Wazuh dashboard

The Wazuh dashboard is a flexible and intuitive web interface for visualizing security data. It queries the Wazuh indexer to visualize alerts, events, and security analytics. It enables users to perform the following tasks.

  • Investigate events and alerts.

  • Configure the Wazuh manager and Wazuh indexer.

  • Enforce role-based access control (RBAC) and single sign-on (SSO).

  • Manage Wazuh agents and enrollment workflows.

  • Health checks, notifications, and alerting integrations.

  • Test custom rules and decoders (Developer tools).

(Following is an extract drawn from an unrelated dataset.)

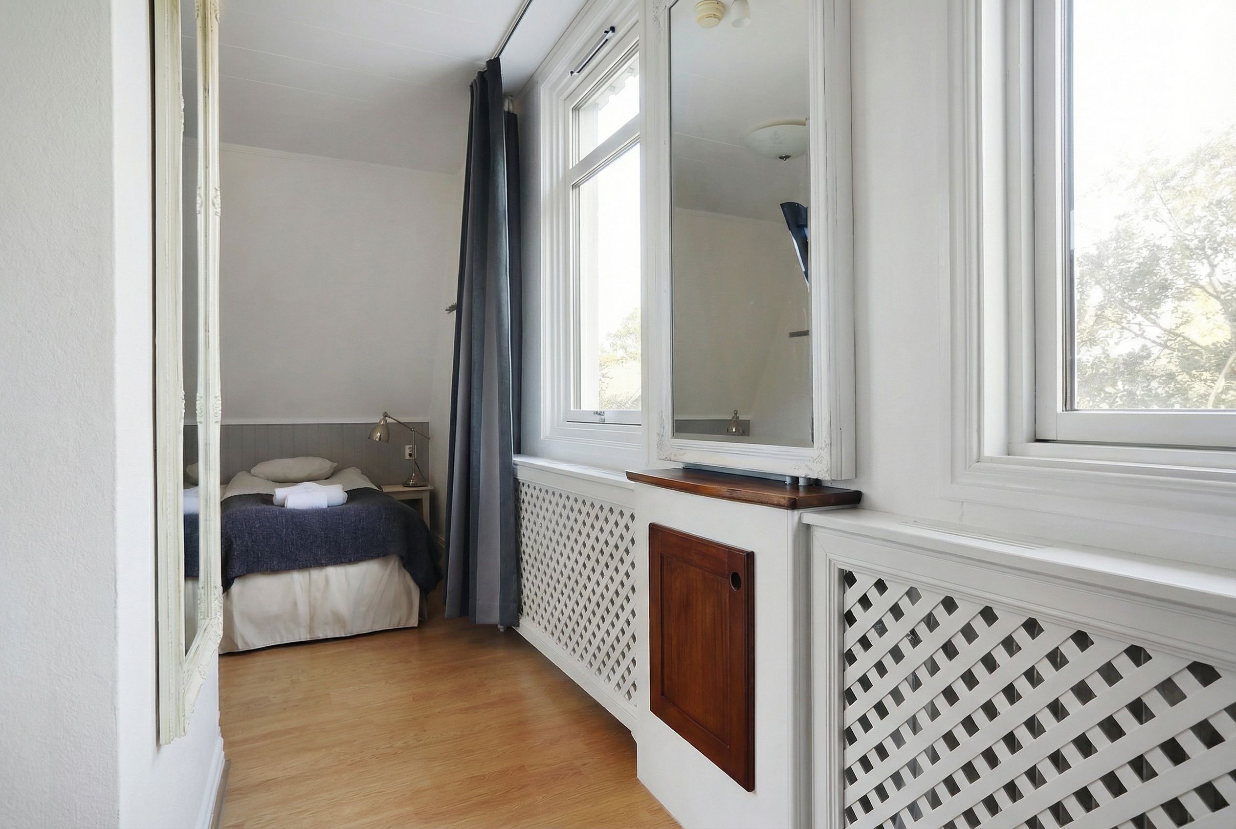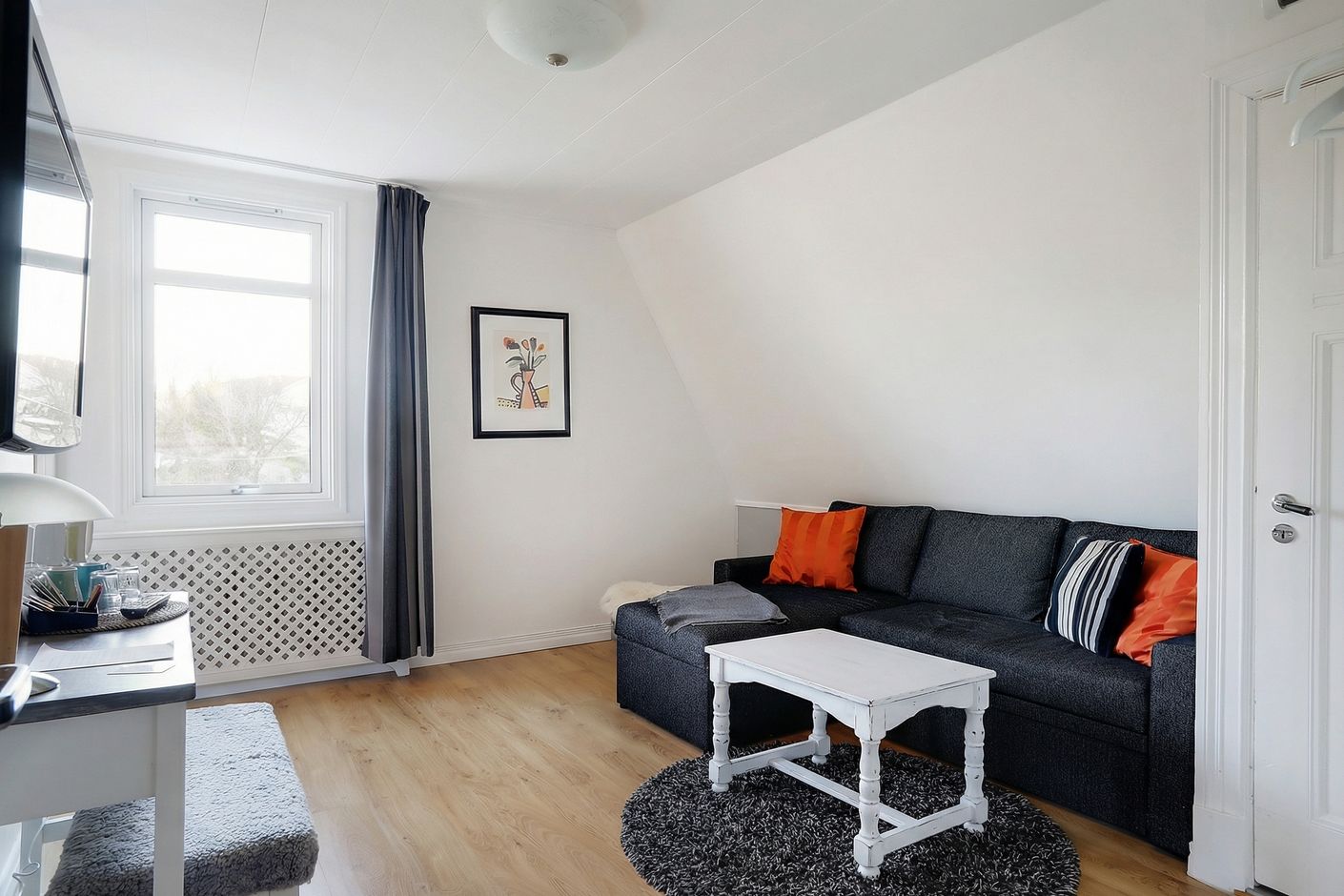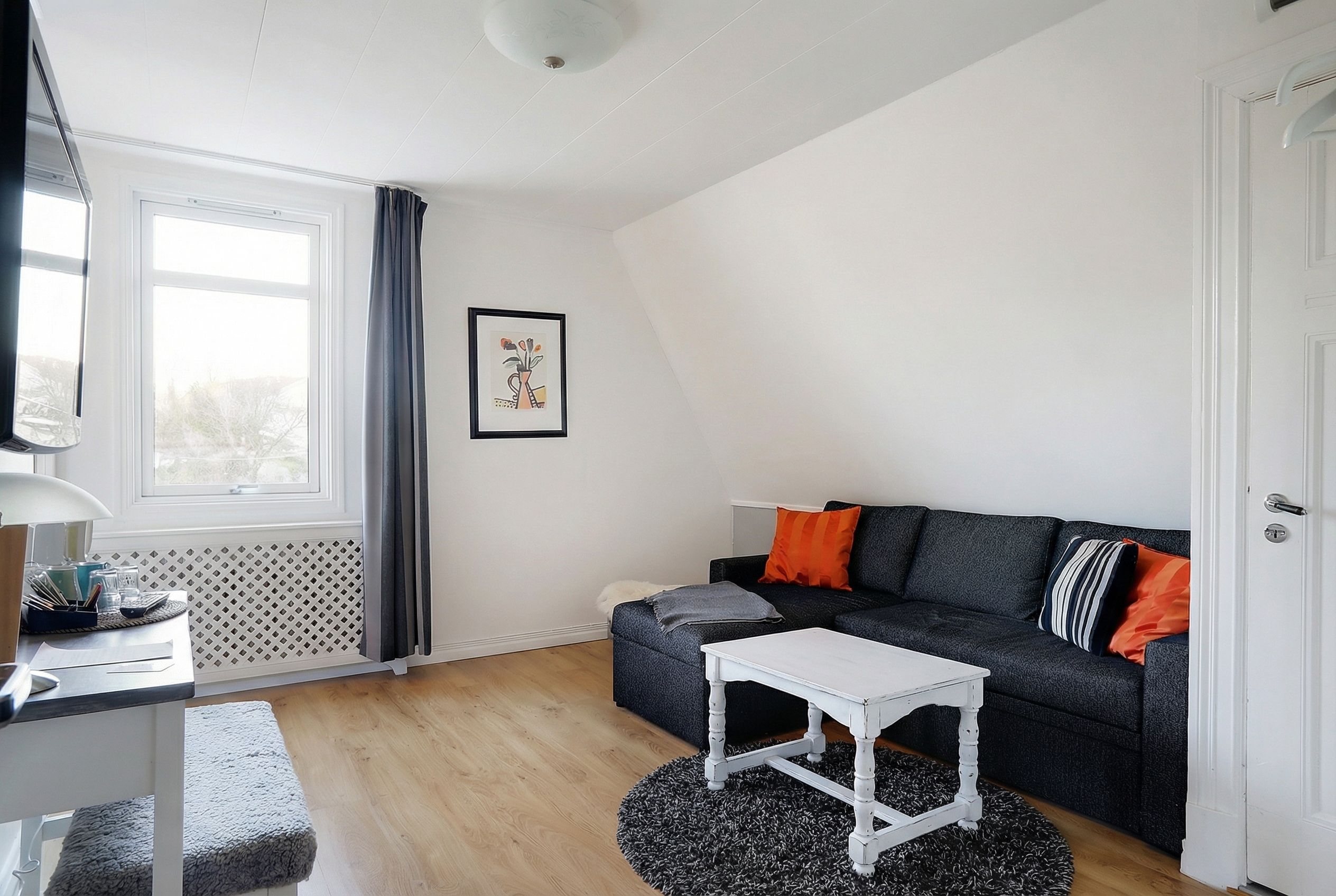 Här erbjuds ett av de större rummen på Tjörns Havspensionat, med en planlösning som ger en tydlig boendekänsla snarare än ett traditionellt hotellrum. Du välkomnas in i ett generöst allrum med bäddsoffa och plats för umgänge. De två fönstren ger ett fint ljusinsläpp och skapar en ljus och trivsam atmosfär.

Data visualization and analysis

The Wazuh dashboard enables users to navigate security data collected from Wazuh agents and agentless devices. It includes dashboards for configuration assessment, threat hunting, malware detection, file integrity monitoring, IT hygiene, and regulatory compliance (for example, PCI DSS, GDPR, HIPAA, and NIST 800-53), among others. You can generate reports and create custom visualizations and dashboards.

Data visualization

Wazuh manager and Wazuh indexer management

The Wazuh dashboard provides a user interface to manage a Wazuh deployment. This includes monitoring the status, logs, and statistics of Wazuh components, configuring the Wazuh manager, and creating custom rules and decoders for log analysis and threat detection.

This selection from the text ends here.